广东省广州市中级人民法院
民 事 判 决 书
(2015)穗中法民五终字第385号
上诉人(原审被告):广州市五湖四海集团有限公司,住所地广州市番禺区。
法定代表人:何利耀,职务:董事长。
委托代理人:翁作熙,国信信扬律师事务所律师。
委托代理人:林琪纯,国信信扬律师事务所实习人员。
被上诉人(原审原告):广州高力国际物业服务有限公司,住所地广州市天河区。
法定代表人:林国东,职务:董事总经理-华南区。
委托代理人:黄少国,广东安华理达律师事务所律师。
委托代理人:唐莉,广东安华理达律师事务所律师。
上诉人广州市五湖四海集团有限公司因与被上诉人广州高力国际物业服务有限公司居间合同纠纷一案,不服广州市番禺区人民法院(2014)穗番法石民初字第871号民事判决,向本院提起上诉。本院依法组成合议庭审理了本案。现已审理终结。

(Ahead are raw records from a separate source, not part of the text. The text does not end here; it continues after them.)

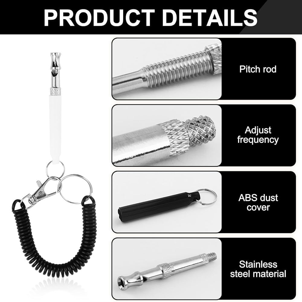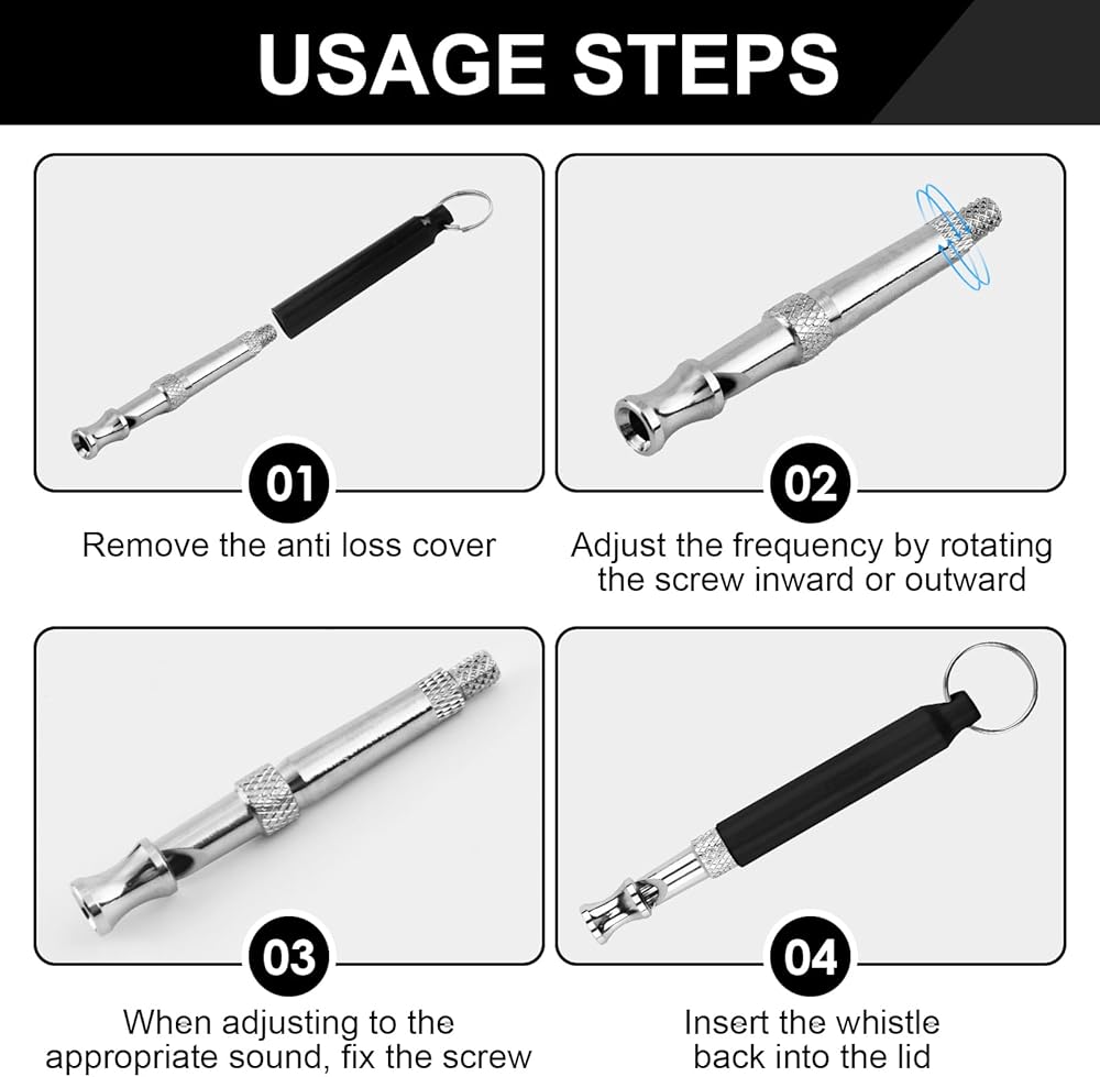 【Adjusable Frequencies】Our dog training whistle has a nut and screw that would adjust the frequency when turned. The sound frequency can be adjusted by rotating to find the right frequency for your dogs.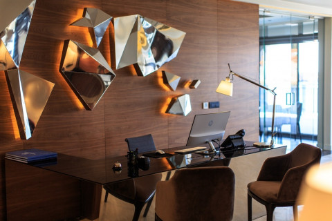 В Presidental Suite: окремий вхід в номер, роздільні ліжка та софа, зона відпочинку, кондиціонер, супутникове ТБ, Wi Fi інтернет, сейф, міні бар, електричний чайник, санвузол з душовою кабіною, тераса з видом на море. Максимальне розміщення: 6 чол. Площа: 125 м2.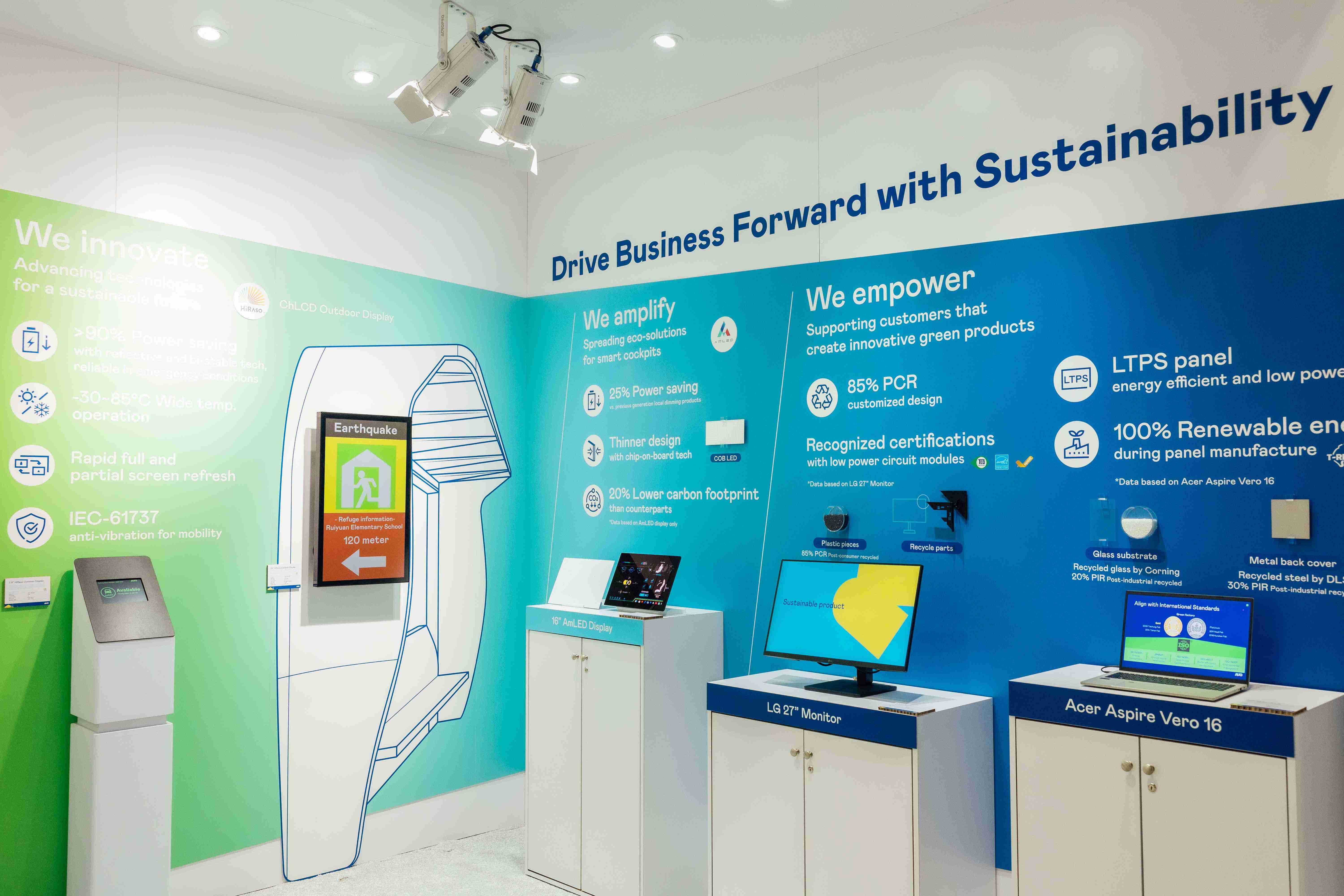 尊龙z6运用创新显示技术HiRaso胆固醇液晶双稳态技术达到显示零耗能、、扩大节能省电的AmLED显示技术应用于车用产品、、、以再生的消费后回收(PCR)塑料及全绿电生产之面板,,应用于笔电及萤幕,,,增加绿色价值。。。
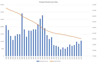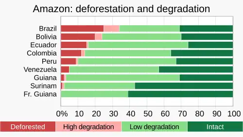 By the year 2022 around 26% of the forest was considered as deforested or highly degraded.[3] According to the Council on Foreign Relations, 300,000 square miles have been lost.[4]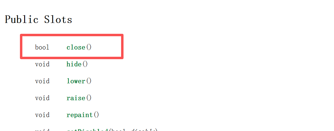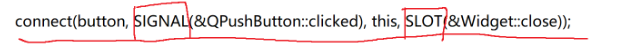 close是QWidget内置的槽函数,Widget也就继承了父亲的槽函数。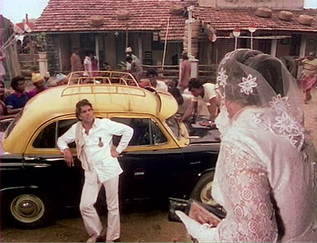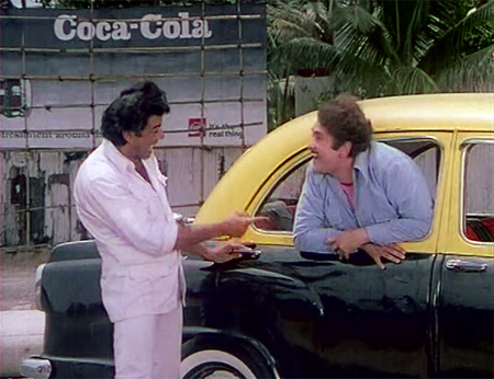 r Saw this movie last night and enjoyed it after a long time. managed to get a copy of the DVD which did not have sub titles. The best scene is your first screen cap ie the taxi scene. Randhir sings a song from one of his dad’s movies “Mera Naam Joker – aaey bhai jaara dekh ke chalo – look were you are going. Dharam asks Randhir “O Raj kapoor’s son – are you from Jumri talaya or naya jalna as u r so fond of singing! The joke in the scene is the obvious reference to Randhir being Raj Kapoor’s son and also the fact that during the days of Radio’s popularity in India in the 70s (before TV became widespread) there were repeated requests for hindi film songs from these villages in India!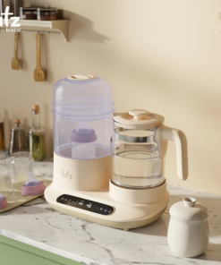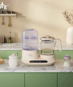 - Máy bên trái: Nắp tiệt trùng + khay đựng phụ kiện + buồng để bình sữa + giá để nồi + buồng đun: Nhựa PP; Nồi và nắp sứ: Sử; Đế đun: Thép không gỉ.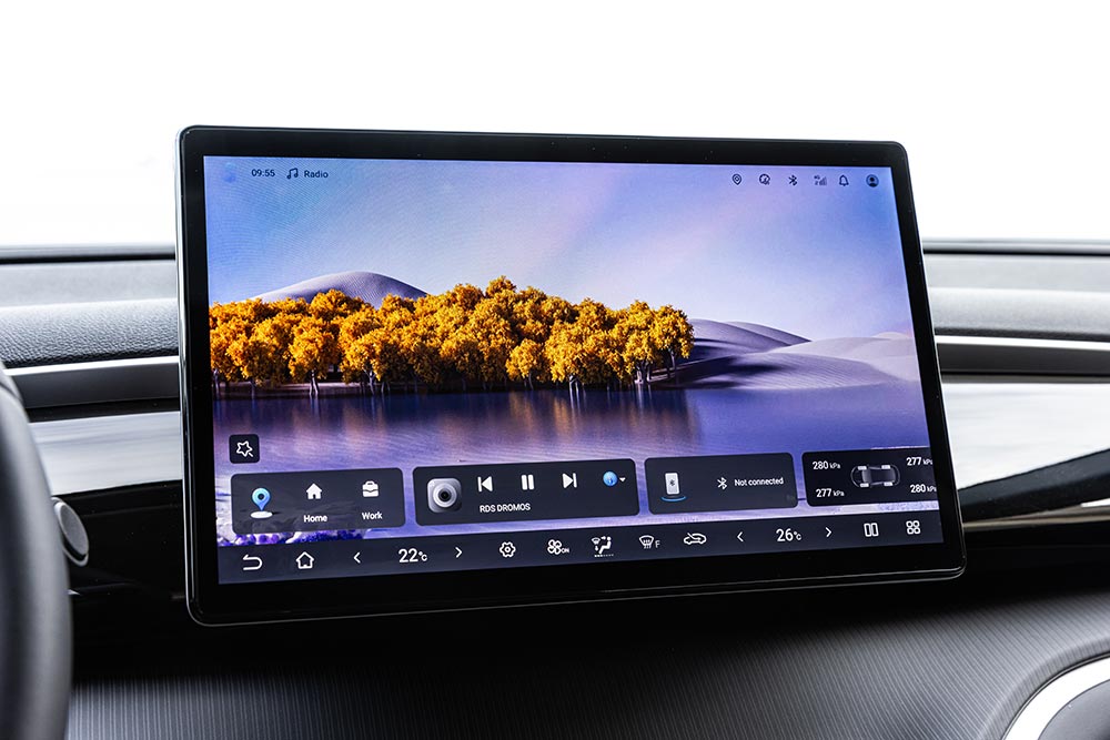 Αντίστοιχα κομψό παρουσιάζεται και το εσωτερικό του χωρίς να «προκαλεί» αισθητικά. Κυρίαρχα στοιχεία αποτελούν οι καμπύλες επιφάνειες και οι συμμετρικές αναλογίες στο ταμπλό, όπου στο κέντρο κυριαρχεί η οθόνη αφής υψηλής ανάλυσης και με σύγχρονα γραφικά των 12,8 ιντσών. Παράλληλα μπροστά από τον οδηγό ο ψηφιακός πίνακας οργάνων των 8,8 ιντσών παρέχει τις απαραίτητες πληροφορίες. Στη βάση της κεντρικής κονσόλας είναι τοποθετημένος ο λεβιές ταχυτήτων μαζί με φυσικά χειριστήρια για διάφορες λειτουργίες προς όφελος της εργονομίας. Από πλευράς ποιότητας κερδίζει τις εντυπώσεις με το πολύ στιβαρό «δέσιμο» των επιμέρους τμημάτων, ενώ η χρήση μαλακών υλικών ανεβάζει το συνολικό αποτέλεσμα. Στα θετικά γνωρίσματα της καμπίνας ανήκει και η ευρυχωρία που απολαμβάνουν όλοι οι επιβάτες, με τους πίσω να εξυπηρετούνται περεταίρω από το εντελώς επίπεδο δάπεδο. Αρκούντως ικανοποιητική είναι η χωρητικότητα των 463 λτ. του πορτ μπαγκάζ (έως 1.410 λτ. με τα πίσω καθίσματα αναδιπλωμένα), ωστόσο θα μπορούσε και καλύτερα δεδομένου ότι είναι ένα SUV με 4,74 μ. μήκος.

原审法院经审理查明:广州高某国际物业服务有限公司(以下简称高某公司)是经营范围为受委托的房地产中介服务、物业管理、市场研究的有限责任公司,广州市五湖四海集团有限公司(以下简称五湖四海公司)是经营范围为房地产业的有限责任公司。
2012年5月21日高某公司、五湖四海公司签订《五湖四海集团项目商业综合顾问及招商代理委托服务合同》一份。该合同第一、三条约定五湖四海公司委托按本合同约定的条款和条件就本项目的部分物业提供商业综合顾问及招商代理服务。合同第二条约定从2012年5月22日至2013年5月21日为商业综合顾问服务及招商代理委托服务期限。合同第四条第2款约定商家以纯租金的方式与五湖四海公司达成租赁关系,则高某公司成功中介一个承租的商家,五湖四海公司支付相当于3个月的月租金作为佣金;成功签订租赁意向书后支付佣金的50%,但佣金不超过五湖四海公司已收客户定金的50%,完成租赁合同的签订,五湖四海公司收齐合同约定的相关款项后支付应付佣金;当高某公司成功中介商家到本项目且五湖四海公司向某力公司支付招商代理佣金时,高某公司同意五湖四海公司一次性抵扣先期启动商业综合顾问服务费3万元,商业综合顾问期累计服务超过6个月以上,高某公司同意五湖四海公司在支付招商代理佣金时一次性抵扣商业综合顾问服务费2万元;五湖四海公司在高某公司中介成功之日起的十个工作日内按本合同的约定向某力公司支付代理佣金,中介成功的定义:五湖四海公司与高某公司所介绍之交易对象签定《租赁意向书》或《租赁合同》,并按照当中之约定收取应缴款项,包括租赁保证金或押金、水电保证金;非五湖四海公司原因最终未能签定租赁合同的,五湖四海公司不用支付高某公司佣金,亦不受本条所限。合同第六条约定五湖四海公司未能按照本合同约定向某力公司支付本合同项下的相关费用款项,每逾期一日,应按未付款项的千分之五向某力公司支付滞纳金,如逾期十日,高某公司有权暂停提供服务,服务期限顺延,如逾期超过30日,高某公司有权解除本合同,而五湖四海公司需向某力公司支付高某公司暂停提供服务前所欠逾期应付的费用以及滞纳金。上述合同及附件还对其他相关事项进行了约定。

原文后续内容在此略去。